Investments

Morgan Stanley: California AG thinks we misrepresented our mortgage bonds

Discloses legal action in earnings report

[Correction: An earlier version of this article referred to Pam Bondi as the Attorney General of California. She is the AG of Florida, Kamala Harris is the California AG.]

The California Attorney General’s office came to the conclusion that Morgan Stanley (MS) missold bonds backed by residential mortgage securities to California Public Employees Retirement System.

According to the second quarter filing from the investment bank, on May 8, the California AG indicated to Morgan Stanley that the office run by Kamala Harris “made certain preliminary conclusions that the Company made knowing and material misrepresentations regarding RMBS and that it knowingly caused material misrepresentations to be made regarding the Cheyne SIV.”

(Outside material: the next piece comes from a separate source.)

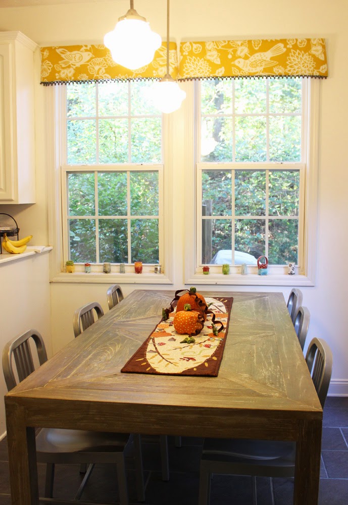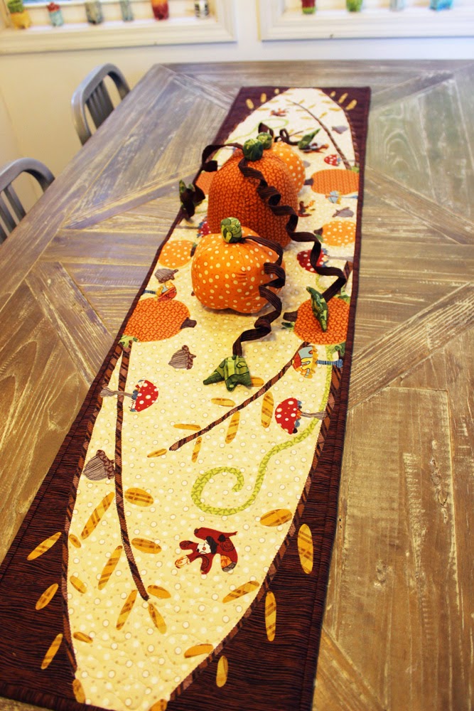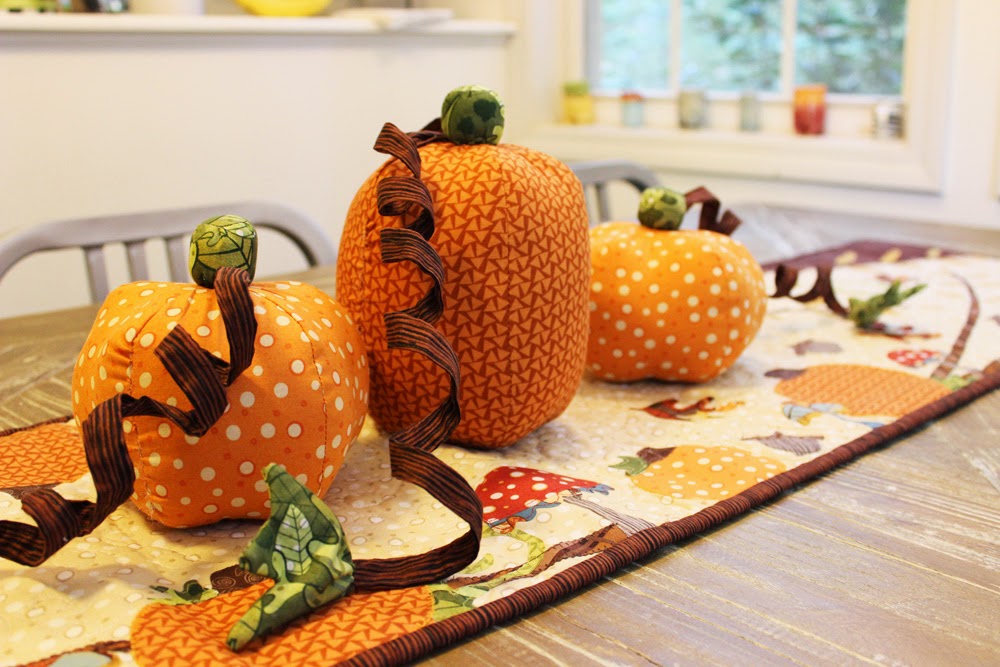 Right now I have the fall table runner as well as three stuffed pumpkins adorning my kitchen table.

These structured investment vehicles were at one time considered feats of fixed income innovation.

The entities kept firms, such as Morgan Stanley, both rich in liquidity and bankruptcy-remote from the SIV.

However, the vehicles issues short-term paper backed by long-term debt.

The mismatch accelerated in huge losses when the long-term debt, in this case residential mortgages, began to experience heightened levels of default.

The California AG suggested Morgan Stanley knew this risk and chose not to disclose it to CalPERS.

“The CAAG has further indicated that it believes the Company’s conduct violated California law and that it may seek treble damages, penalties and injunctive relief," the filing states.

“The Company does not agree with these conclusions and has presented defenses to them to the CAAG,” the earnings report concludes.

Morgan Stanley is currently also finalizing a $275 million agreement with the Securities and Exchange Commission to settle the SEC probe into the bank’s toxic subprime mortgage bond trades going back to 2007.

Morgan Stanley has already said it will pay $1.25 billion to the FHFA to settle charges that it misled investors on the sale of mortgage-backed securities ahead of the housing bust.

Morgan Stanley and a number of other banks and Wall Street firms have been under the SEC probe for their practices leading up to and into the subprime mortgage meltdown, specifically the residential mortgage bonds the firm underwrote.